En 1977, Jo Ann Callis tomó una fotografía de la cabeza de una mujer echada hacia atrás, con el cuello tenso y atado con un lazo unido a los finos tirantes azul celeste de su vestido de encaje blanco. Es una imagen que invita a una mirada prolongada, mientras la tensión aumenta en su quietud: el cuello expuesto de la mujer se tensa en ángulo, una marca de color rojo claro se asoma cerca del hilo de la gargantilla bien atado. Justo encima de su hombro, dos pájaros empapelados se sumergen juntos, sus picos casi tocándose en una danza amorosa o agresiva.
Aunque creó la imagen hace cuatro décadas y media, “Mujer con lazo azul” parece sorprendentemente contemporánea: un símbolo atemporal de las restricciones de la feminidad. Actualmente se exhibe en la exposición colectiva “Del Cielo” en Rosegallery en Santa Mónica, California, pero ha aparecido en las exposiciones de Callis a lo largo de décadas, así como en su libro de 2009, “Woman Twirling”.
Callis es una pionera tanto de la fotografía escénica como de las películas en color en las bellas artes, y sus primeros trabajos representan retratos sombríos e intensamente psicológicos de mujeres. Sus sujetos a menudo se mantienen anónimos a través de cabezas vueltas y marcos recortados. Son imágenes con un trasfondo de deseo e inquietud: en una, las manos de un hombre agarran los tobillos de una mujer con tacones parada en una silla; en otro, se ve a una mujer rubia desde atrás y desde arriba en la cama, con su cuerpo dividido por una sola línea negra que comienza con la raya de su cabello y continúa bajando por su columna.

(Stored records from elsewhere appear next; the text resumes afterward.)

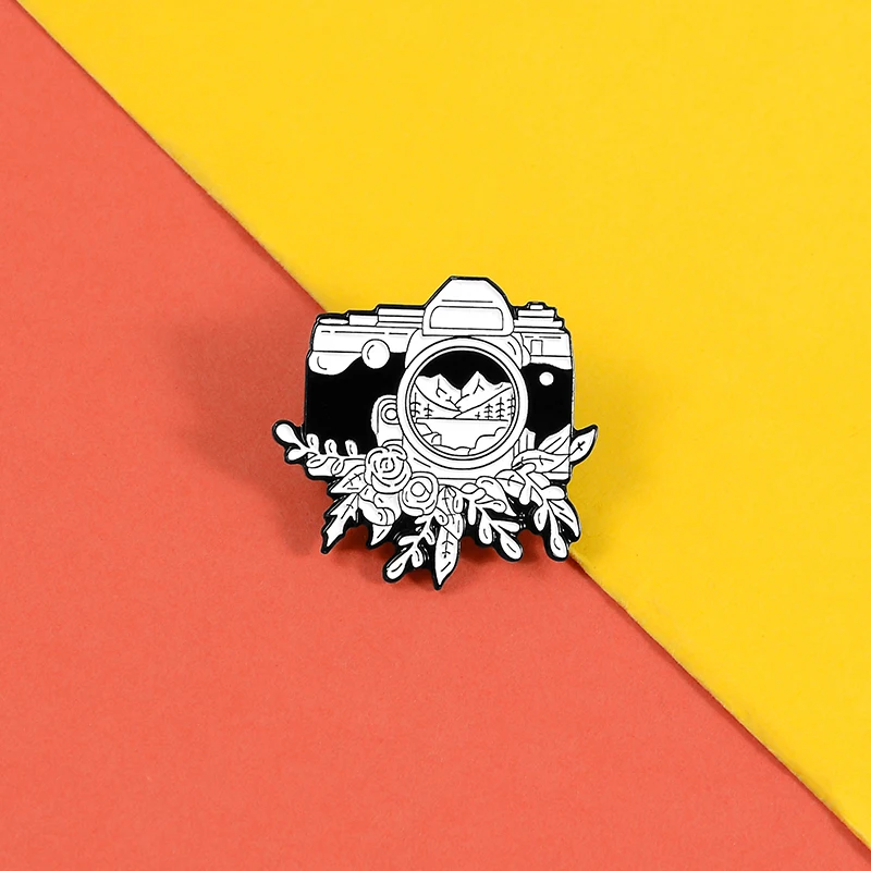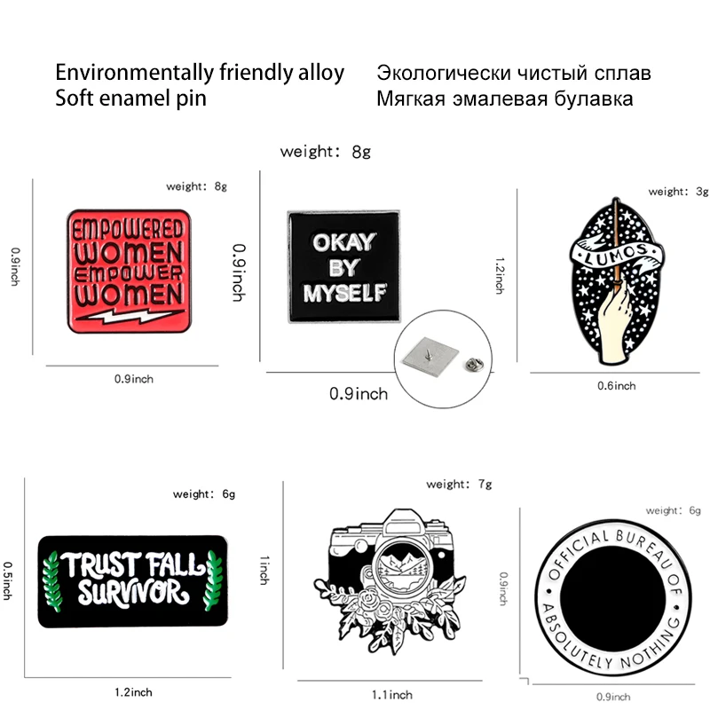 Metal color: Gold-color - Trust fall survivor black and white camera flower Lightning Punk Pins Brooch Lapel Pin Star Magic Wand hand gift for friends
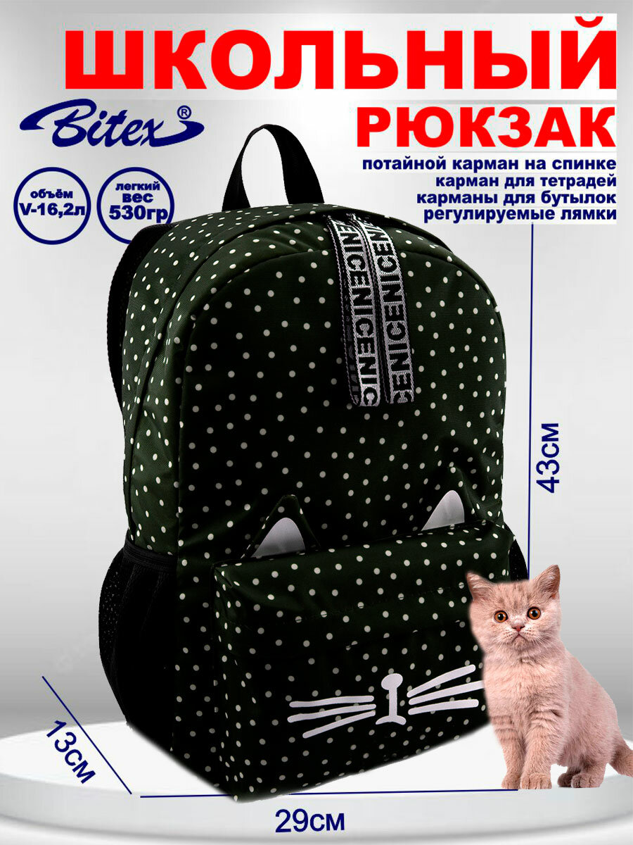 Рюкзак для девочки BITEX 28-150 с кошачьими ушками, черный горошек, городской, 16л: сравнение цен, характеристики, фото, актуальное наличие и цены.
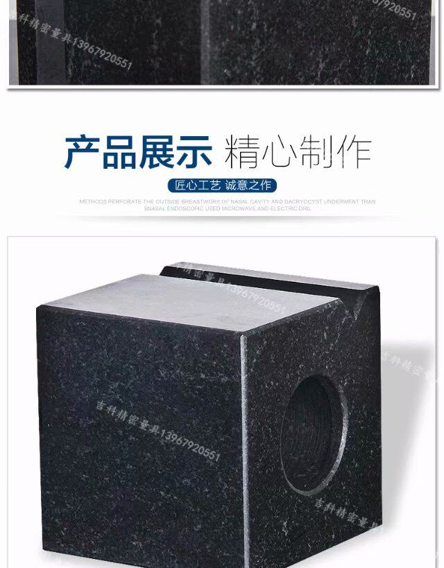 - Гранитная квадратная коробка широко используется при осмотре параллелизма компонентов, вертикальности и вспомогательных заготовков. Как правило, заготовка, как правило, та же квадрат или кубики длины края. Цилиндр.
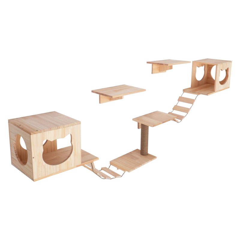 GDRASUYA10 Wall Mounted Cat Shelf Solid Wood Climbing Shelves Bed Indoor Kitten House New
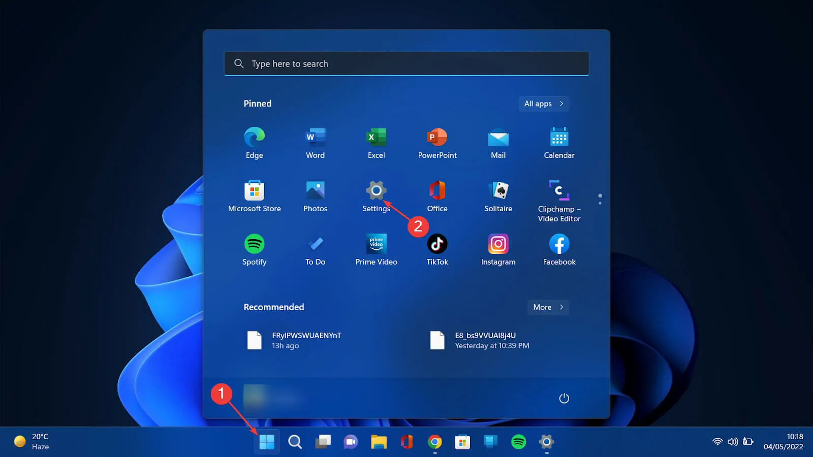 Перейдите в «Пуск» и выберите параметр «Настройки».

“Todas esas imágenes parecen tener una sensación de placer”, explicó Callis en una entrevista telefónica. “Pero va y viene entre la incomodidad y la comodidad”.
En “Blue Bow”, la modelo posa con el rostro alejado de la cámara: “una mujer que representa a todas las mujeres”, dijo Callis. Recientemente divorciada en el momento en que tomó la foto, Callis estaba pensando en las limitaciones que había experimentado en su vida y las expectativas restrictivas de su género. Había regresado a la escuela de posgrado para estudiar fotografía mientras criaba a sus dos hijos pequeños.
“El mundo se abrió ante mí”, recuerda, explicando que hasta entonces había pintado y esculpido en casa. “Cuando regresé a la escuela, me sentí tan liberado… Así que, de eso se trataba ese trabajo, simplemente libertad y restricción”.
Hermoso, pero un poco apagado’
Callis realizó sus primeros trabajos en color en la cima del movimiento artístico feminista, cuando artistas como Cindy Sherman, Hannah Wilke y Ana Mendieta exploraban el género, el poder y la política a través de imágenes del cuerpo femenino. Aunque Callis y su trabajo encajan perfectamente dentro de esta cohorte, no es una etiqueta que Callis adoptó, ni entonces ni ahora. “Pero, por supuesto, supongo que sí”, añadió.
Hizo “Blue Bow” pensando en sus propios años de adolescente en la década de 1950, cuando era estándar que las mujeres usaran miriñaques debajo de los vestidos (prendas que eran “terriblemente incómodas”, señaló) y, a veces, cintas alrededor del cuello para ocasiones formales. También me vinieron a la mente otras modas restrictivas, desde la tradición centenaria de vendar los pies en China hasta limitaciones más sutiles de movilidad en prendas como las faldas lápiz, todas ellas manteniendo la moda femenina en línea con las expectativas sociales de género.
La huella roja en el cuello de la modelo, aludiendo a la incomodidad, en realidad no fue causada por el moño, explicó Callis, sino que fue más bien una ilusión gracias al maquillaje. Es sólo uno de los muchos matices de su trabajo en color que no habría podido lograr en blanco y negro. En ese momento, sin embargo, la fotografía en color todavía se consideraba torpe en los círculos de bellas artes, y la histórica exposición de William Eggleston en el Museo de Arte Moderno, “Fotografías”, generó controversia por sus escenas en color que parecían instantáneas el año anterior.
Al igual que Eggleston y, más tarde, el cineasta David Lynch, entre otros, Callis vio el potencial de aprovechar tonos escabrosos que podían transformar el estado de ánimo de una imagen. Se inspiró en gran medida en las imágenes de Paul Outerbridge, quien realizó retratos eróticos a todo color de mujeres desnudas en la década de 1930, décadas por delante de su tiempo.
“Pensé que el color agregaría otro elemento emocional al trabajo”, dijo. “Me gustan los colores ácidos: hermosos, pero un poco apagados. Esa sigue siendo la paleta que me gusta”.